Liegen alle Motivteile auf dem Tisch, werden sie akkurat auf das zuvor entwickelte Hauptbild geklebt. Dazu verwendet man einen Fotosprühkleber für lösbare Klebeverbindungen. So hat man die Möglichkeit zur Korrektur. Ein persönlicher Tipp von mir: Kleberrückstände lassen sich völlig rückstandslos mit handelsüblichen Brennspiritus von Fotografien entfernen.

Stellt uns die Montagearbeit zufrieden, geht es an die Reproduktion dieses Werkes. Als Arbeitsgeräte benötigt man, außer dem Fotoapparat, zwei Halogen Fotolampen, zwei Polfilterfolien (ca. 30x30 cm), die vor die Lampen gehängt werden und einen Polfilter für das Objektiv.

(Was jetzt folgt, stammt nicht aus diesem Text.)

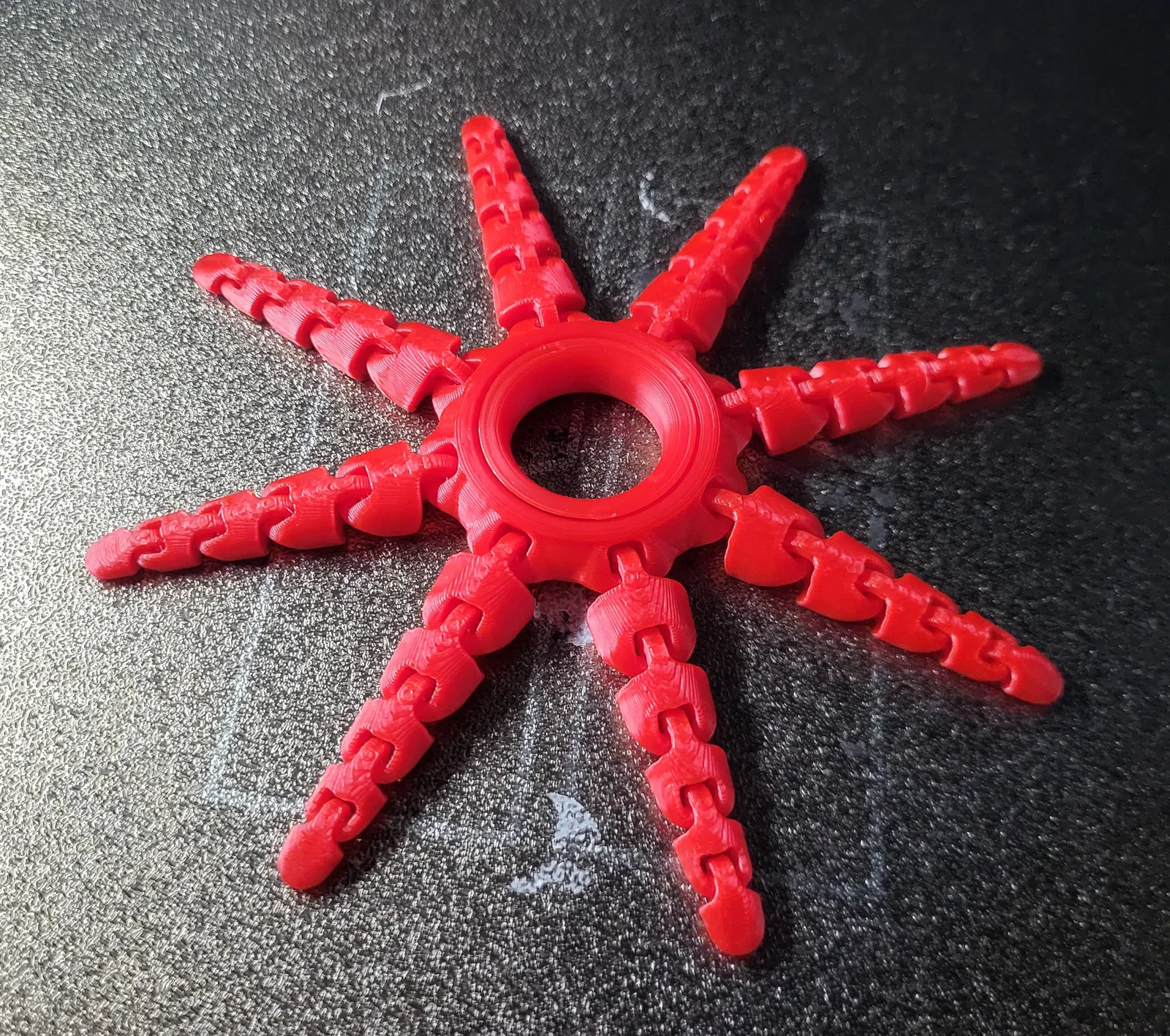 Nhẫn bạch tuộc dạng articulated với 8 xúc tu dẻo linh hoạt và phần vòng trung tâm trơn mịn. Mỗi “tay” chuyển động độc lập, tạo cảm giác nghịch đã tay và dáng organic nhìn rất bắt mắt. Thiết kế in 3D một mảnh, cầm xoay nghịch vui, hợp làm đồ chơi để bàn, fidget đeo tay, hoặc quà tặng độc lạ.

Zunächst wird das Bild auf eine Vorrichtung nach Wahl (ich verwende ein Klemmstativ) genau senkrecht, vor dunklem (Stoff-) Hintergrund, ausgerichtet. Im zweiten Schritt werden beide Lampen, in genau dem gleichen Abstand und im Winkel von je 45° vor dem Bild angeordnet. Dabei ist zu beachten, dass die Lampenachse genau auf den Mittelpunkt des Bildes gerichtet ist. Somit werden Schattenwürfe der Schnittkanten verhindert. Als Nächstes wird eine Münze vor das Bild gehängt. Vor die erste Lampe (z. B. links) wird die erste Polfilterfolie gehängt. (Abstand ca 20 – 25 cm, wegen Wärmeabstrahlung) Lampe anschalten und das Objektivpolfilter solange drehen, bis alle Glanzpunkte der Münze verschwunden sind. Diesen Vorgang durch den TTL Sucher beobachten. Beide Filter nicht mehr verändern.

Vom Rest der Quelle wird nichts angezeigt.